PROMs | PREMs | Total | |
Patient-reported | 15 | 7 | 22 |
Staff-reported | 4 | 13 | 17 |
Total | 19 | 20 | 39 |
PREMs, patient-reported experience measures; PROMs, patient-reported outcome measures.
bmjoq-2019-000789supp001.pdf (347.4KB, pdf)
Discussion
The need for generic measures with a broad scope is increasingly recognised, in particular for older people with long-term conditions.36 This taxonomy is, as far as we know, the most comprehensive, coherent framework or taxonomy of short generic measures that has been published. It is unusual in covering both patient-reported and staff-reported measures as well as PROMs and PREMs. It also covers external factors that affect health and well-being, and those that affect the spread of health innovations.

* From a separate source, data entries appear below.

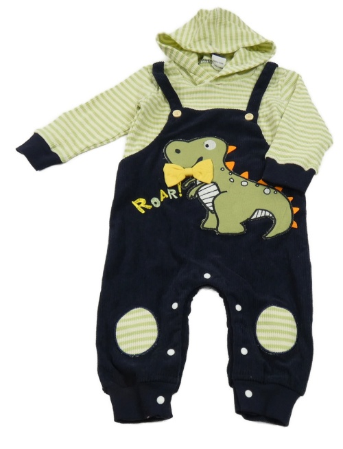 Tmavomodré rebrované na traké nohavice s dinosaurom a pruhovaným trikem s kapucňou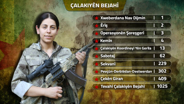 Di sala 2024’an de artêşa Tirk a dagirker bi teknîk û îstîxbaratê li Bakurê Kurdistanê êrişên xwe dewam kir û bi vî rengî hewl da encamê bi dest bixe. Dewleta Tirk a qirker mêtinger ku beriya niha digot, wê hebûna gerîla ya li Bakurê Kurdistanê tasfiye bike, bi vî rengî da pey xewn û xeyalên pûç û ji bo vê jî hin dem diyar dikir, li pêşberî têkoşîna bi biryar a gerîla fêhm kir ku êdî nikare bigihêje vê armanca xwe, lewma neçar ma ku dest ji van gotinan berde. Gavên stratejîk û taktîkî yên gerîla yên li gorî ruhê demê planên dijmin têk birin, ku ev yek di têkoşîna sala 2024’an de bi şênberî hate dîtin. Ya ku ev encama dîrokî û girîng afirand, sekna leheng a gerîla bû ku li Dersimê bi pêşengiya Edessa Cejna, li Botanê Bêrîtan Nûrhak Çiya, Herekol Şiyar, Brûsk Kato, Benda Amed û Serhat Jêhat, li Mêrdînê Mehmet Cûdî û Zerdeşt Sûrûç, li Serhedê Şêxmûs Malazgîrt û Berwar Dersim, li Amedê Hebûn Pîro û Botan Osyan, li Wanê Zagros Cûdî nîşan dan. Di têkoşîna sala 2024’an de li Bakurê Kurdistanê 36 hevrêyên me bi lehengî şer kirin û şehîd bûn.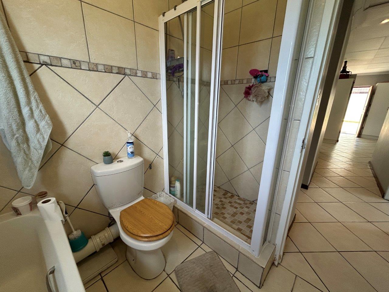 Down the passage are three bedrooms and two bathrooms, including a main bedroom with its own en-suite bathroom. All bedrooms are fitted with built-in cupboards. The home is fully tiled, and the property is completely walled for added privacy and security.

A possible limitation of our approach is that it is based primarily on the work of a single author. The measures were not developed as part of a grant-funded research programme in an academic setting, nor for use in clinical trials. Some people may consider this to be a strength on the basis that theories should emerge from bottom-up, empirical experimentation. However, each measure has been strongly influenced by existing theories and paradigms.
Four response options may also be regarded as a limitation, but this is not our experience. The best option (the ceiling) can be thought of as being as good as it gets. If used appropriately this does not produce a ceiling effect, whereby the measure is unable to detect valuable improvements. A floor effect (the worst option) is more problematic, because things can always get worse. In general, if a respondent is at the floor, this calls for remedial action. Intermediate options can be regarded as being less good than the ceiling and less bad than the floor, respectively.
Answering any survey question involves four cognitive steps: (1) understand the question; (2) retrieve relevant information from memory; (3) judge which response option fits best and (4) responding in a way that fits the judgement. There is always a risk that raters may satisfice by doing one or more of these suboptimally, to save effort. This can give rise to a number of effects such as acquiescence bias, primacy effect and non-differentiation. This risk is greater in surveys answered in private, where there is no other person present to sense-check the responses, if a survey is long or difficult, seen as a chore or not regarded as relevant.37
The response options form an ordinal scale, which suggests that non-parametric statistics should be used.38 However, interval or ratio scales ares needed for health economic calculations, such as quality-adjusted life year or Load calculations.39 We have explored the generation of multi-attribute interval weightings using pairwise comparisons with the PAPRIKA(Potentially All Pairwise RanKings of all possible Alternatives) method.40 In the absence of such weightings, we ascribe unweighted integer values to these options to calculate mean scores for item and summary scores of populations. In ideal situations (eg, people in good health), the distributions of these measures are skewed to the top, but summary scores for people with long-term conditions show a distribution which is close to normal.17 23 24 In practice, we find that parametric and non-parametric statistical tests produce very similar results.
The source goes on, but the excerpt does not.